# Single Tb Gold...cold Day..ok



## bullseyeben! (Apr 24, 2011)

Had around 30 shots with this light pull rig, with 7mm steel, av around 350fps... band life still surviving, but I don't think for much longer...


----------



## newconvert (Dec 12, 2011)

what dimensions for your super zippy fast bands?


----------



## bullseyeben! (Apr 24, 2011)

Ahhh now that's a secret


----------



## newconvert (Dec 12, 2011)

****it! i was going to get your recipe and get rich!


----------



## akmslingshots (Mar 2, 2012)

good speeds Ben



newconvert said:


> ****it! i was going to get your recipe and get rich!
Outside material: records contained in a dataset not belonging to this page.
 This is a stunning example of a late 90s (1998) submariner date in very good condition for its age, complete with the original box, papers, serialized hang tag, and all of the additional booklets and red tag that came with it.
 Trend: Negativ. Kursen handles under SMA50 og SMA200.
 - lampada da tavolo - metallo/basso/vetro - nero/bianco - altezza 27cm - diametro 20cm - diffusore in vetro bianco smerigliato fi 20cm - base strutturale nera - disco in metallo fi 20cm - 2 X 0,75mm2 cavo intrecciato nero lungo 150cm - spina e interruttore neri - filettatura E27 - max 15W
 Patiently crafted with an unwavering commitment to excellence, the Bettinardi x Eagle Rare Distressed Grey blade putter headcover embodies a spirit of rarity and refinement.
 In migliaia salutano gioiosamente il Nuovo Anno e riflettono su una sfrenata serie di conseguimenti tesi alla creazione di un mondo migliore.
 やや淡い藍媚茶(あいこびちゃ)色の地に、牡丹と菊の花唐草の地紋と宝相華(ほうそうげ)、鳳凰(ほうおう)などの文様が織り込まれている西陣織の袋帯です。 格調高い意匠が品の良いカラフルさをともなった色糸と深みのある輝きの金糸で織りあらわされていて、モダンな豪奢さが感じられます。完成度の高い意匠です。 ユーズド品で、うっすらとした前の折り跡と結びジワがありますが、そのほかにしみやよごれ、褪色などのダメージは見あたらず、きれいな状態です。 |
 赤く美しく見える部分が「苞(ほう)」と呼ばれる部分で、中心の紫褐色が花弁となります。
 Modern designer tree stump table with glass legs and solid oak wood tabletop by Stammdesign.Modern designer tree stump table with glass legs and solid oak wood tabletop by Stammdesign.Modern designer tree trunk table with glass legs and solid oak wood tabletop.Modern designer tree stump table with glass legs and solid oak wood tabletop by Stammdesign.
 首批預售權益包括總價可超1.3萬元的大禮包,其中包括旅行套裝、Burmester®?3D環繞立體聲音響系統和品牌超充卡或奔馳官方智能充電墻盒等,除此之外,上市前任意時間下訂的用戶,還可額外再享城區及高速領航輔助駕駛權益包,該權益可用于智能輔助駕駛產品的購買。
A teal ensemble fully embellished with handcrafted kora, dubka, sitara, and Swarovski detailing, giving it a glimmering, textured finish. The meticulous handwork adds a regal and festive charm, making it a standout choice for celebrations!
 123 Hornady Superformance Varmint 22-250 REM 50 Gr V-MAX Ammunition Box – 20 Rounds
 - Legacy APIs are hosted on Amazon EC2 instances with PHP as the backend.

I'm waiting for Ben to say he has that speed with 9.5mm steel, then try to do the same


----------



## bullseyeben! (Apr 24, 2011)

Lol ok... 
Effective tied length 270mm x 28mm to 10mm tap.. don't tell any one


----------



## bullseyeben! (Apr 24, 2011)

akmslingshots said:


> ****it! i was going to get your recipe and get rich!


I'm waiting for Ben to say he has that speed with 9.5mm steel, then try to do the same








[/quote]
Got 338 with 9mm lead, reckon that's on par


----------



## akmslingshots (Mar 2, 2012)

bullseyeben! said:


> Lol ok...
> Effective tied length 270mm x 28mm to 10mm tap.. don't tell any one


10MM!! whoa dude... how many shots you getting? not surprised its so low... will watch the vid on youtube later, using the socket for my speakers on another job lol


----------



## akmslingshots (Mar 2, 2012)

bullseyeben! said:


> Got 338 with 9mm lead, reckon that's on par


was that with a similar taper? would you care to share me the taper


----------



## treefork (Feb 1, 2010)

bullseyeben! said:


> Lol ok...
> Effective tied length 270mm x 28mm to 10mm tap.. don't tell any one










I won't tell anyone.


----------



## akmslingshots (Mar 2, 2012)

treefork said:


> I won't tell anyone.


tell me treefork, go on







haha


----------